**Records provided**
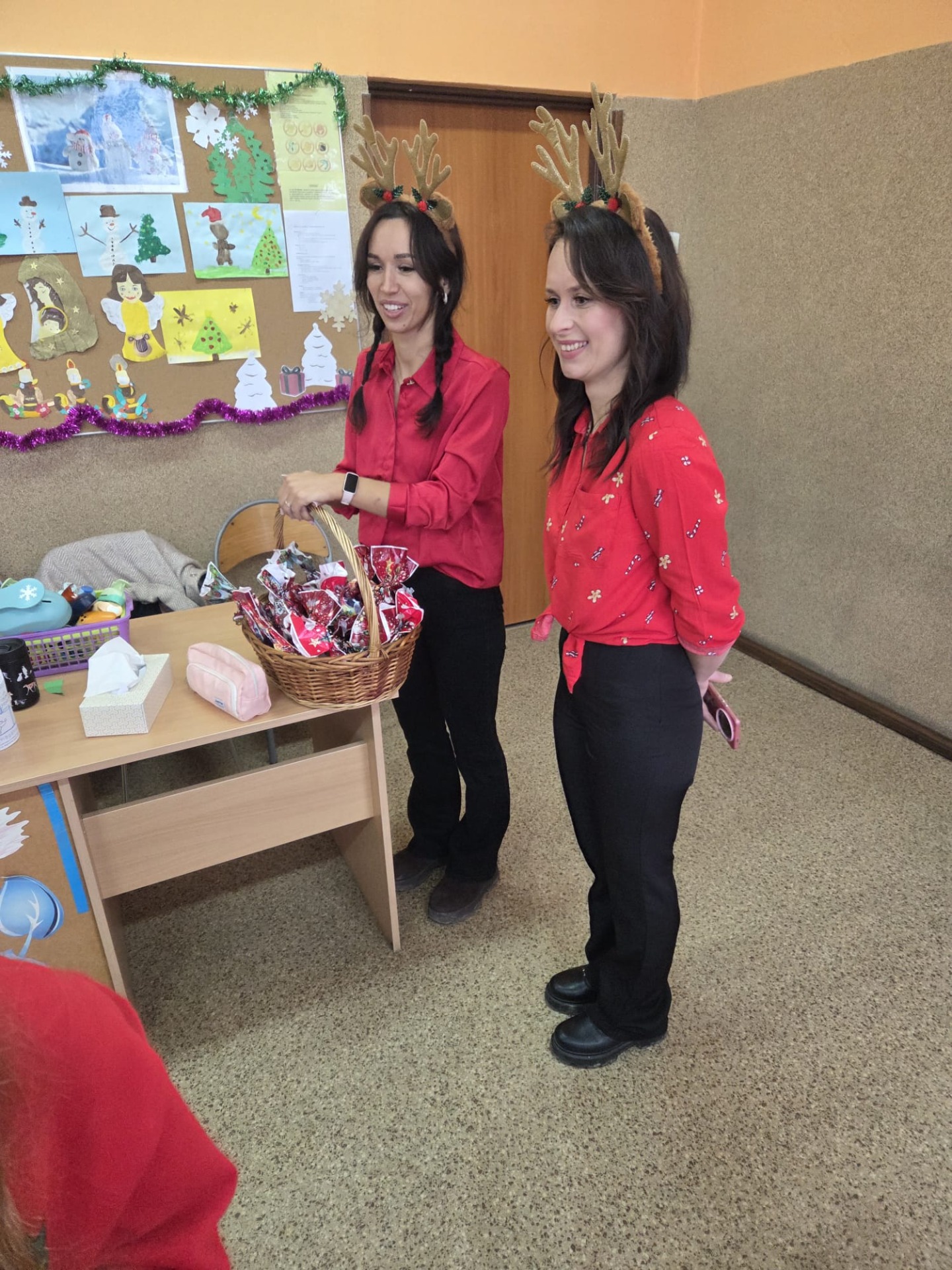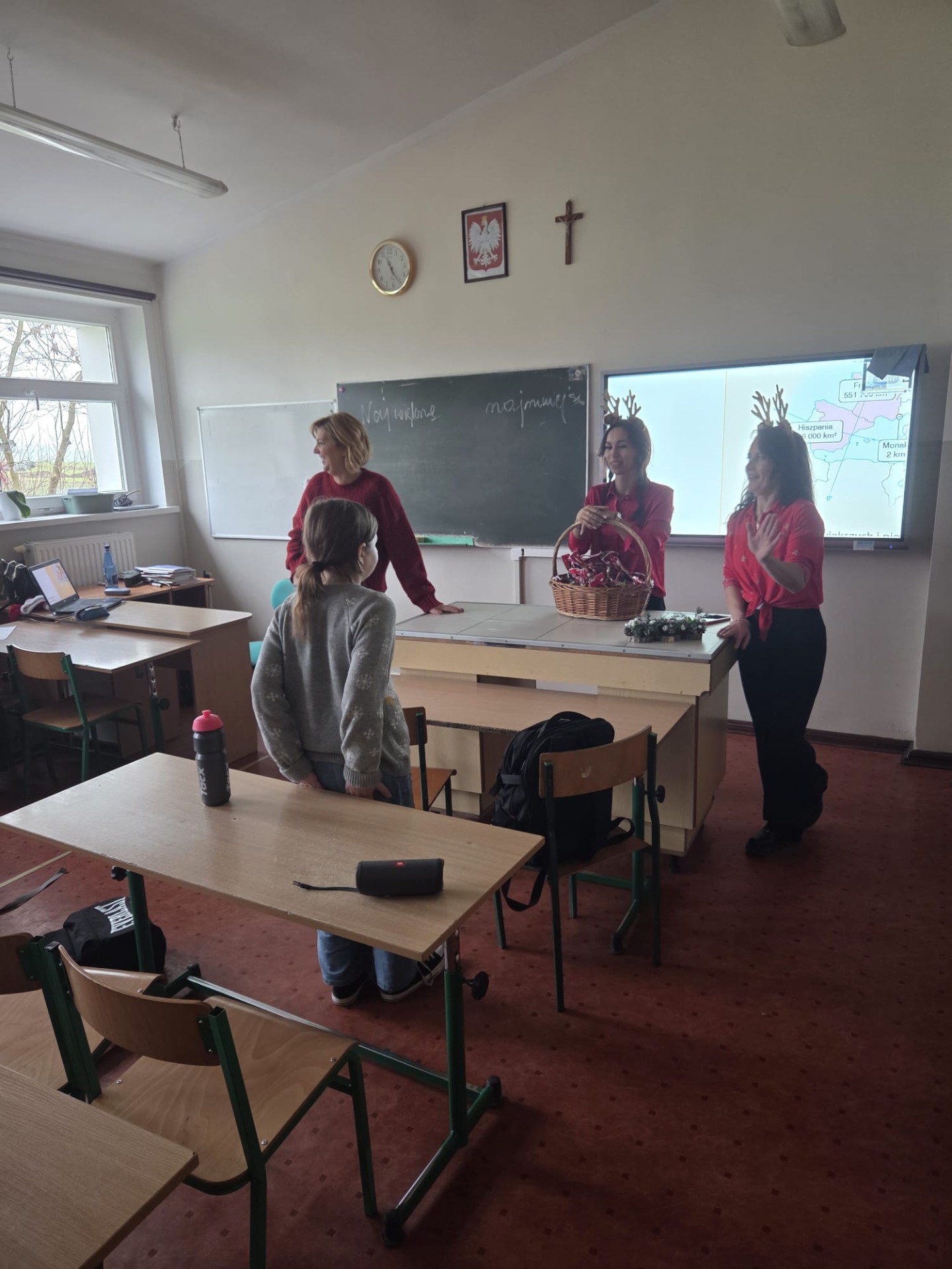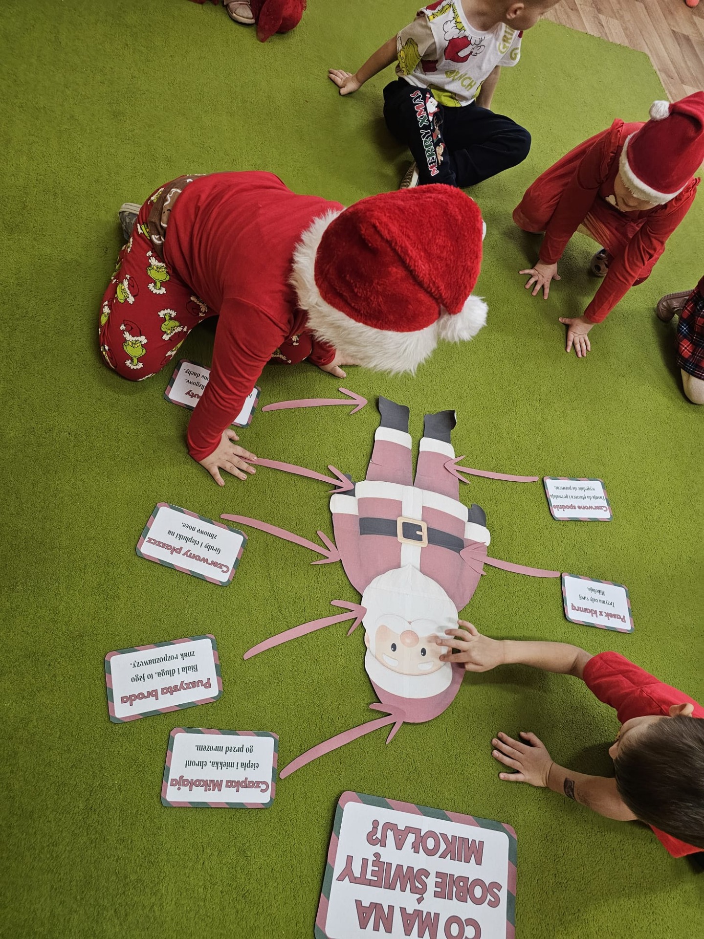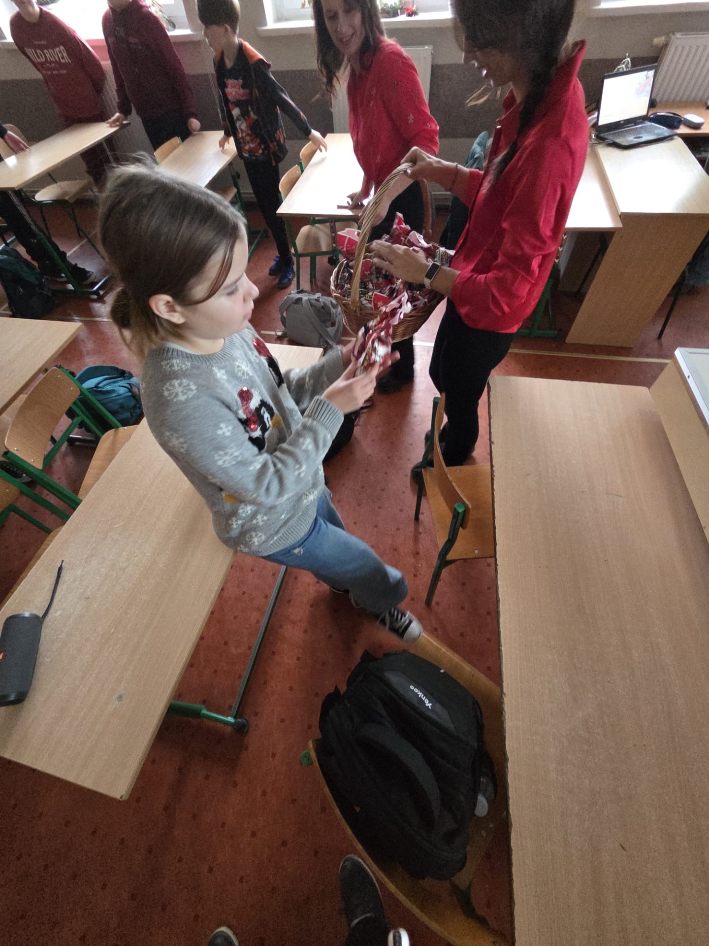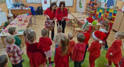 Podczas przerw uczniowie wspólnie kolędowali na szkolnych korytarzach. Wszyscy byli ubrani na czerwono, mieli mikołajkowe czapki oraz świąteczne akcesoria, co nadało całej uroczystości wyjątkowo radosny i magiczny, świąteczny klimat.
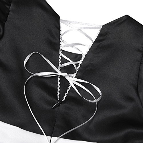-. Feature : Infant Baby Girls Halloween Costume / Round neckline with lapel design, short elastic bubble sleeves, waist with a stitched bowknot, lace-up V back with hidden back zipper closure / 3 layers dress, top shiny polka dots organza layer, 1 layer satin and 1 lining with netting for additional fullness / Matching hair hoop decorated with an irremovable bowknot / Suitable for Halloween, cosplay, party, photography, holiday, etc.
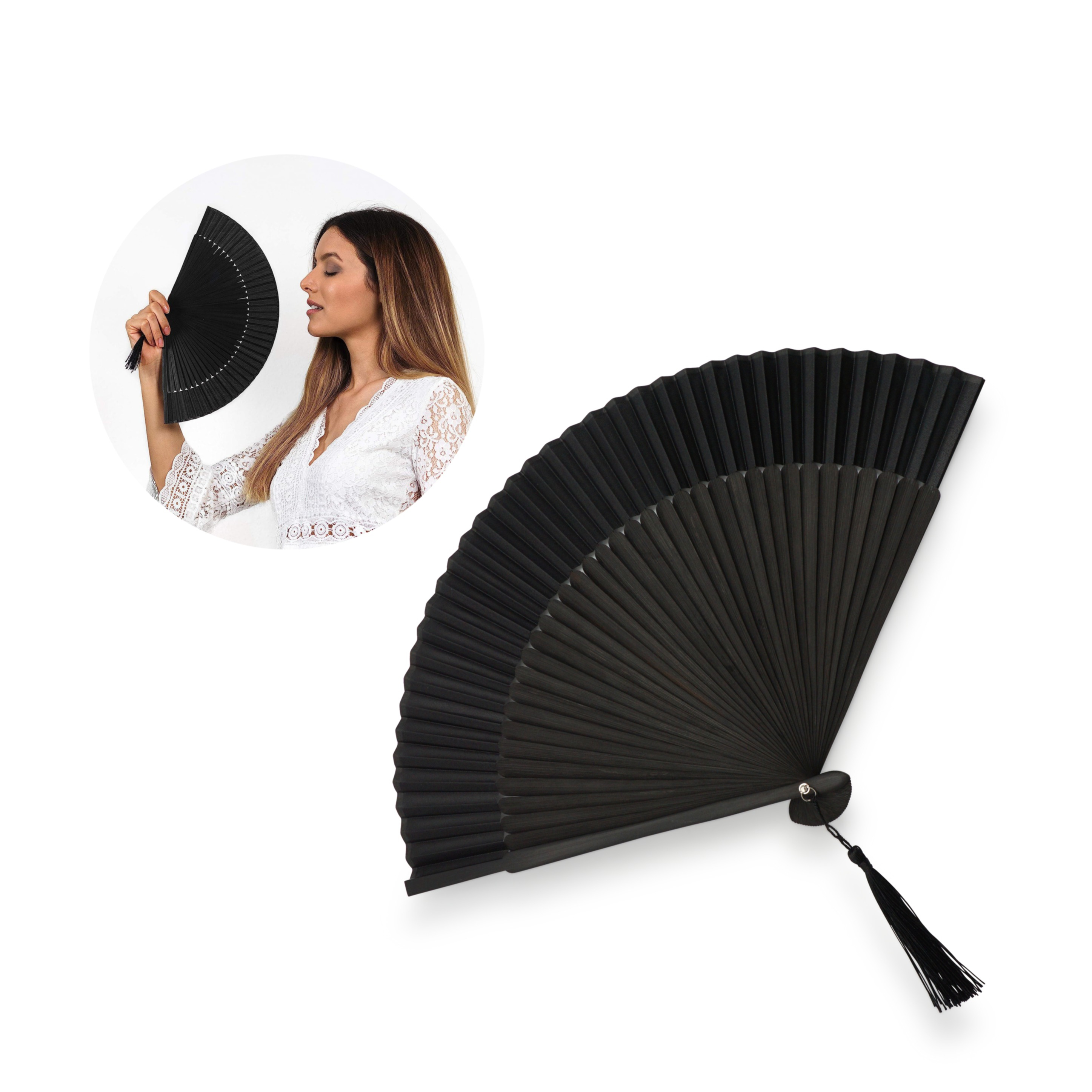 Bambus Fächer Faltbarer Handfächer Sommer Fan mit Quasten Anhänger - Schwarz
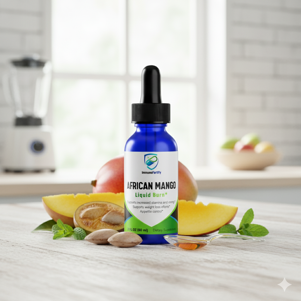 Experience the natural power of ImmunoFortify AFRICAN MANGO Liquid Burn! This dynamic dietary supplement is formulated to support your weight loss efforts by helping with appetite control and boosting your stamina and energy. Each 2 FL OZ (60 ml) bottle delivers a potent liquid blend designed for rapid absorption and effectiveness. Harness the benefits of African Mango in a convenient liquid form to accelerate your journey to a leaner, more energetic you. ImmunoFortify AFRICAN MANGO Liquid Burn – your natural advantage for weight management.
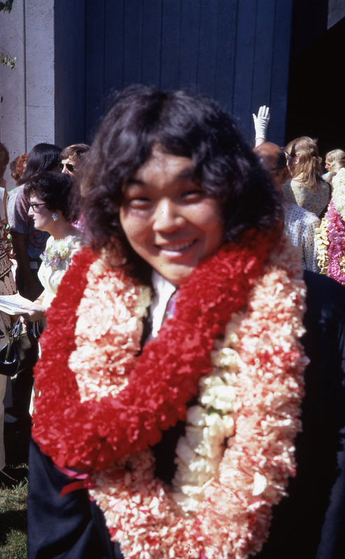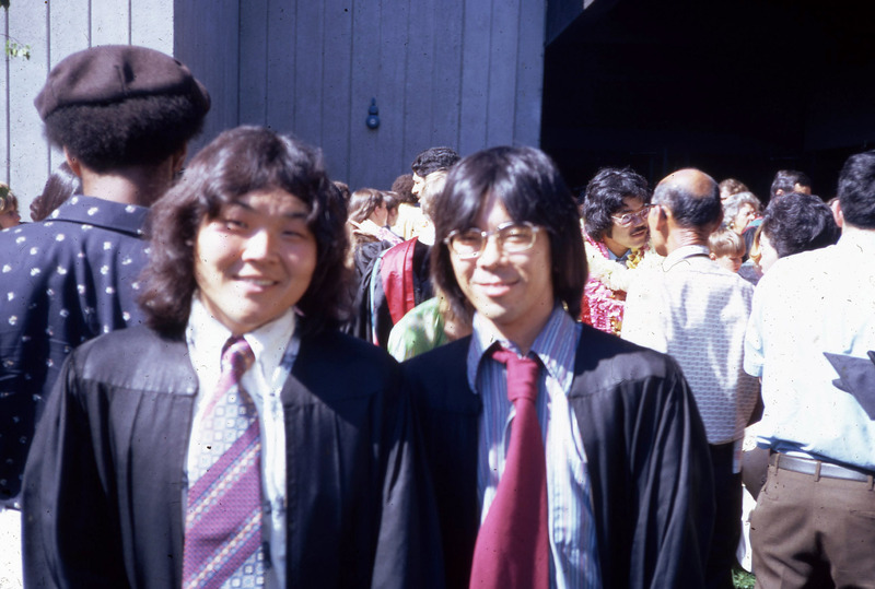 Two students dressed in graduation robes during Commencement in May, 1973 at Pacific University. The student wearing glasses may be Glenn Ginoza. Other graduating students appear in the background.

**Work to complete**
Leave the pictures out, and please copy only the lines from the one with "Experience the natural" through the end of the listing.

**Answer area**
 Experience the natural power of ImmunoFortify AFRICAN MANGO Liquid Burn! This dynamic dietary supplement is formulated to support your weight loss efforts by helping with appetite control and boosting your stamina and energy. Each 2 FL OZ (60 ml) bottle delivers a potent liquid blend designed for rapid absorption and effectiveness. Harness the benefits of African Mango in a convenient liquid form to accelerate your journey to a leaner, more energetic you. ImmunoFortify AFRICAN MANGO Liquid Burn – your natural advantage for weight management.
 Two students dressed in graduation robes during Commencement in May, 1973 at Pacific University. The student wearing glasses may be Glenn Ginoza. Other graduating students appear in the background.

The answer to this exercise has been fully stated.